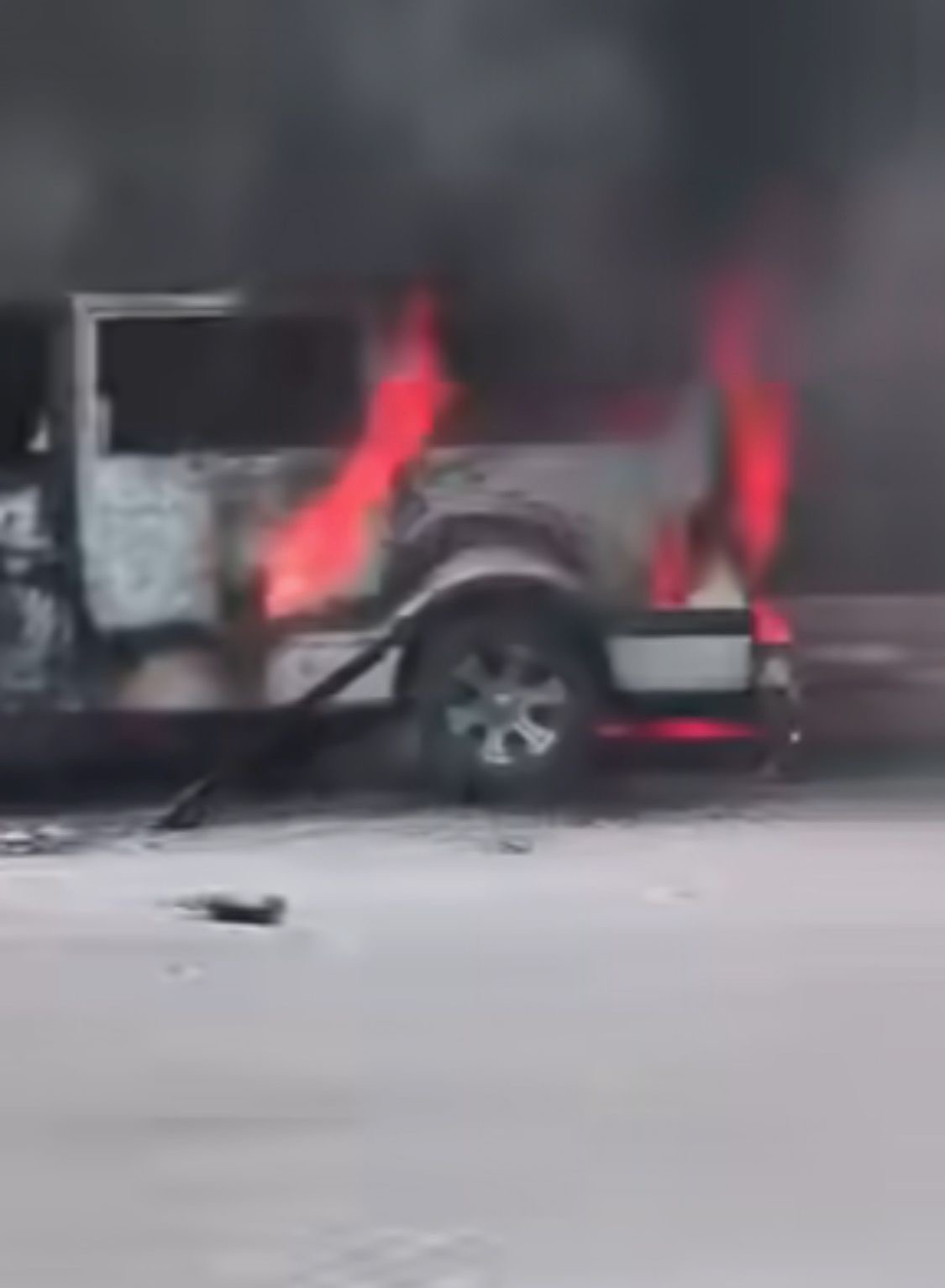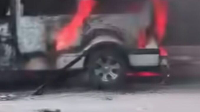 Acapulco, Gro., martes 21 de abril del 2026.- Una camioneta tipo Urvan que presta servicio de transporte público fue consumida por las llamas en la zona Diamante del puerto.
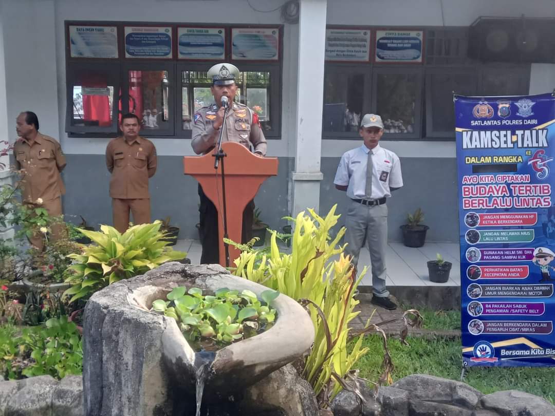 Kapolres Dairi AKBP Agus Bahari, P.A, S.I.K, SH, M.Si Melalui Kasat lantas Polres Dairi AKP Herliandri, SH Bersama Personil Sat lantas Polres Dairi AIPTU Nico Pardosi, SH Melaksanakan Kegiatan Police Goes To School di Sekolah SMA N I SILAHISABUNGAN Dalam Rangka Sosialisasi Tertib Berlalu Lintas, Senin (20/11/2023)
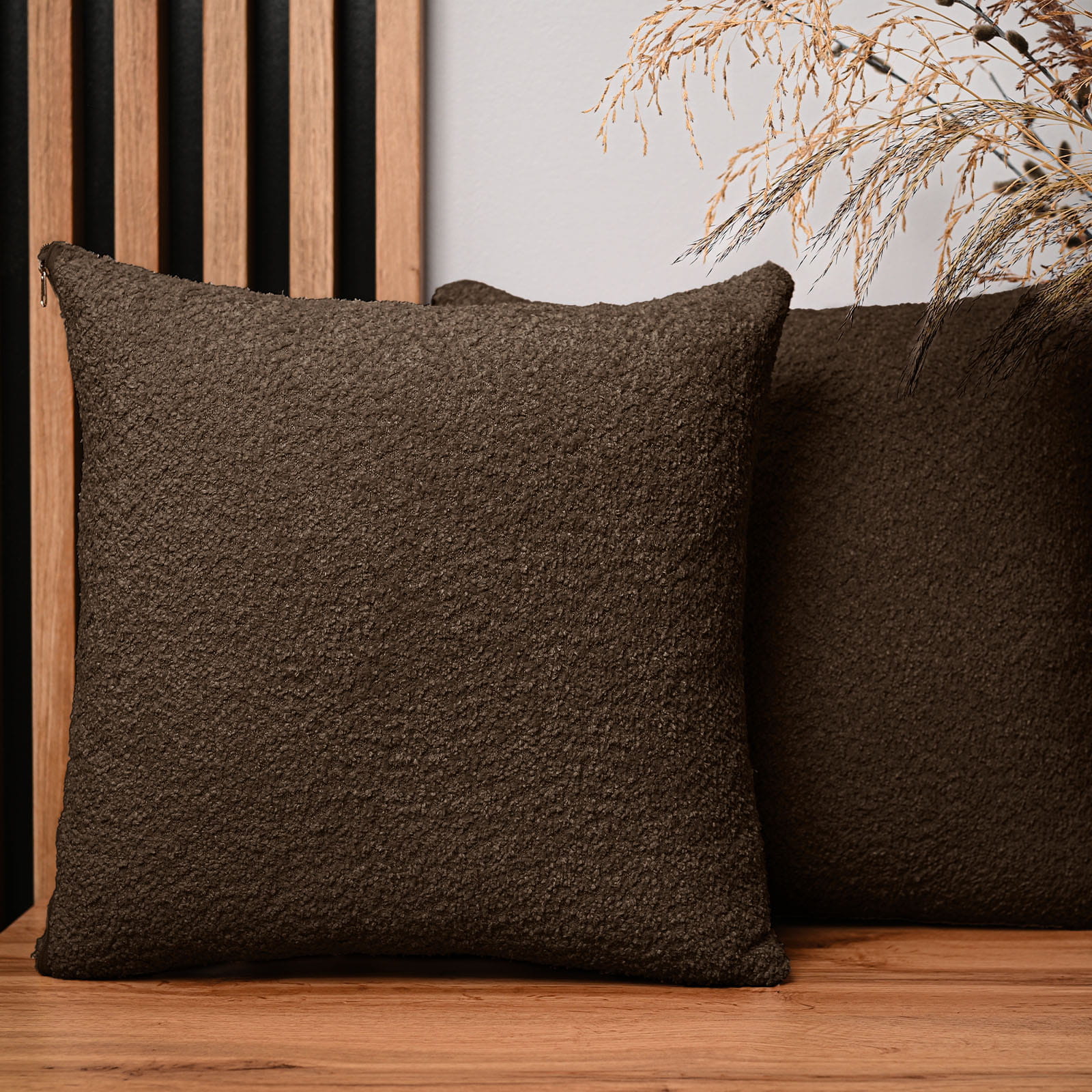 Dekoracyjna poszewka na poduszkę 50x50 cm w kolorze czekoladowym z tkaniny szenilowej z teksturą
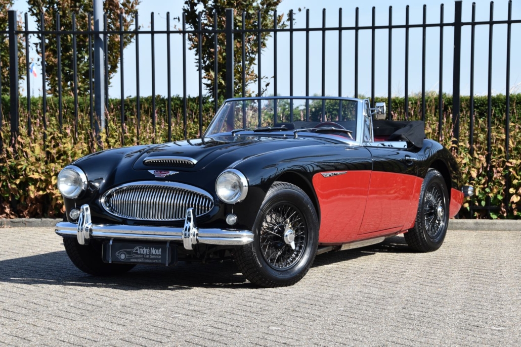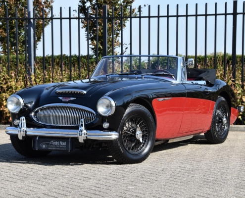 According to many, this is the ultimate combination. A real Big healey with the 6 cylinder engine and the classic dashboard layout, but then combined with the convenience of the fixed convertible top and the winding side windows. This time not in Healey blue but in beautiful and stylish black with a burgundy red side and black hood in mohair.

==============================

WORK TO COMPLETE - Start with the line with "Kapolres Dairi AKBP" in the listing above and stop after the line with "Dekoracyjna poszewka na". Write out exactly the lines in that stretch and no others, without pictures.

RESULT FOR THIS EXERCISE -
 Kapolres Dairi AKBP Agus Bahari, P.A, S.I.K, SH, M.Si Melalui Kasat lantas Polres Dairi AKP Herliandri, SH Bersama Personil Sat lantas Polres Dairi AIPTU Nico Pardosi, SH Melaksanakan Kegiatan Police Goes To School di Sekolah SMA N I SILAHISABUNGAN Dalam Rangka Sosialisasi Tertib Berlalu Lintas, Senin (20/11/2023)
 Dekoracyjna poszewka na poduszkę 50x50 cm w kolorze czekoladowym z tkaniny szenilowej z teksturą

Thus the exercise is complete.